Skip to content


Tasks describe what to do with the data. OpenML covers several task types, such as classification and clustering. Tasks are containers including the data and other information such as train/test splits, and define what needs to be returned. They are machine-readable so that you can automate machine learning experiments, and easily compare algorithms evaluations (using the exact same train-test splits) against all other benchmarks shared by others on OpenML.

Collaborative benchmarks

Tasks are real-time, collaborative benchmarks (e.g. see MNIST below). In the Analysis tab, you can view timelines and leaderboards, and learn from all prior submissions to design even better algorithms.

Discover the best algorithms

All algorithms evaluated on the same task (with the same train-test splits) can be directly compared to each other, so you can easily look up which algorithms perform best overall, and download their exact configurations. Likewise, you can look up the best algorithms for similar tasks to know what to try first.

Automating benchmarks

You can search and download existing tasks, evaluate your algorithms, and automatically share the results (which are stored in a run). Here's what this looks like in the Python API. You can do the same across hundreds of tasks at once.

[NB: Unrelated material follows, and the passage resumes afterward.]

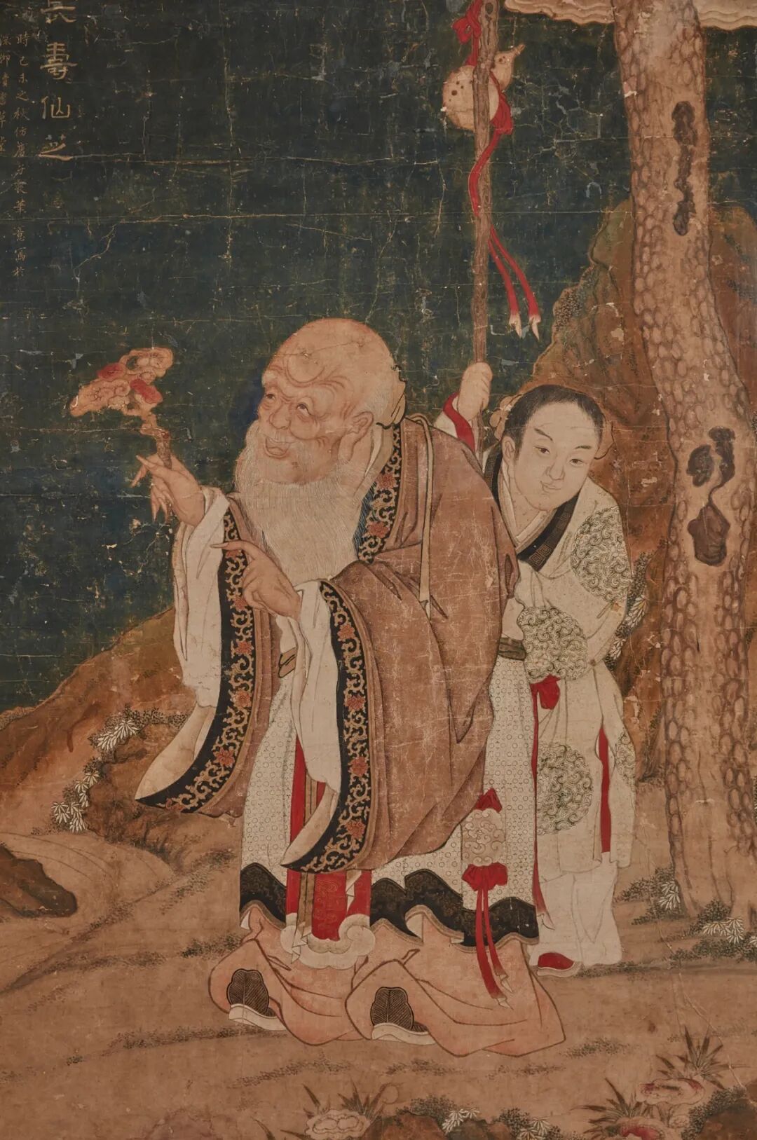 注:顾见龙,字云臣,江苏太仓人。1660-70年间任宫廷画家。大英博物馆藏有一副其观音像,馆藏号「1910,0212,0.486」;与本拍品类似主题的人物画像,顾见龙款,描绘南极仙翁,售于纽约佳士得,2021年3月19日,拍品852。

    from sklearn import ensemble
    from openml import tasks, runs

    # Build any model you like
    clf = ensemble.RandomForestClassifier()

    # Download any OpenML task (includes the datasets)
    task = tasks.get_task(3954)

    # Automatically evaluate your model on the task
    run = runs.run_model_on_task(clf, task)

    # Share the results on OpenML.

You can create new tasks via the website or via the APIs as well.